Among the lines of the records below, copy those that hold the word "with".

» **Data**:
::::

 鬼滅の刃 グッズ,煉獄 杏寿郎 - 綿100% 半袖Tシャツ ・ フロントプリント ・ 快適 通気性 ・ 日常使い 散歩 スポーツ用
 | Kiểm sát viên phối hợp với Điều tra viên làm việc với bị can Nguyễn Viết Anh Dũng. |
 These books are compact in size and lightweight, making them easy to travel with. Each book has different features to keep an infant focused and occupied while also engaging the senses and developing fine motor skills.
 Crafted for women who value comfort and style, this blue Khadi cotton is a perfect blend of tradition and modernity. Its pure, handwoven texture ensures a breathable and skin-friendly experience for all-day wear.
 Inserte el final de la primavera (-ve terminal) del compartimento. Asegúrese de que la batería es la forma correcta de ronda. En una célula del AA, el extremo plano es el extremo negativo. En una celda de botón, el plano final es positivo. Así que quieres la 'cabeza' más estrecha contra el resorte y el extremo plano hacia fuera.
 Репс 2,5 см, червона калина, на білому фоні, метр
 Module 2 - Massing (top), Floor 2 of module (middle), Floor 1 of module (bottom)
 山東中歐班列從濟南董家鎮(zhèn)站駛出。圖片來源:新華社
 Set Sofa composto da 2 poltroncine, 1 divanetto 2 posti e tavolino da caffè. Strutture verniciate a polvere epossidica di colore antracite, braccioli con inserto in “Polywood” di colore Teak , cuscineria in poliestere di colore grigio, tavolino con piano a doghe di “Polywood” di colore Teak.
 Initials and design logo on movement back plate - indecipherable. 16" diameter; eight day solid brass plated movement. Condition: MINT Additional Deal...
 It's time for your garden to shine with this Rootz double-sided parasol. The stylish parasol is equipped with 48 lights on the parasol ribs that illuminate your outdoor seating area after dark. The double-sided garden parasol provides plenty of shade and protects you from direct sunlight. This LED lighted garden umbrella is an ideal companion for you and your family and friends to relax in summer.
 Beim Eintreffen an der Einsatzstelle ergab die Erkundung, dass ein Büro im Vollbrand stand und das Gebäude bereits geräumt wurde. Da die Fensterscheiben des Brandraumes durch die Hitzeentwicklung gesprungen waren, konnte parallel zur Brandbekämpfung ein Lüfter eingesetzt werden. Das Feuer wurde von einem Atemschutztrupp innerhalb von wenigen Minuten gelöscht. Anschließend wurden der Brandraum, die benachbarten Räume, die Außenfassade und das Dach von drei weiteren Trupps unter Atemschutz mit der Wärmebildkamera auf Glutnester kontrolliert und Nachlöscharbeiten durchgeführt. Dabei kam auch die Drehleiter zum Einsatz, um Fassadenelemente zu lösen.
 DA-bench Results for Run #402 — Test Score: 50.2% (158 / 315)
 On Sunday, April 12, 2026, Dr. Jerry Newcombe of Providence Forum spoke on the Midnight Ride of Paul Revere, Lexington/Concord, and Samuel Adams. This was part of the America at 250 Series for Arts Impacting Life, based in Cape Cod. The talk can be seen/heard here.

::::

» **Written response**:
 These books are compact in size and lightweight, making them easy to travel with. Each book has different features to keep an infant focused and occupied while also engaging the senses and developing fine motor skills.
 It's time for your garden to shine with this Rootz double-sided parasol. The stylish parasol is equipped with 48 lights on the parasol ribs that illuminate your outdoor seating area after dark. The double-sided garden parasol provides plenty of shade and protects you from direct sunlight. This LED lighted garden umbrella is an ideal companion for you and your family and friends to relax in summer.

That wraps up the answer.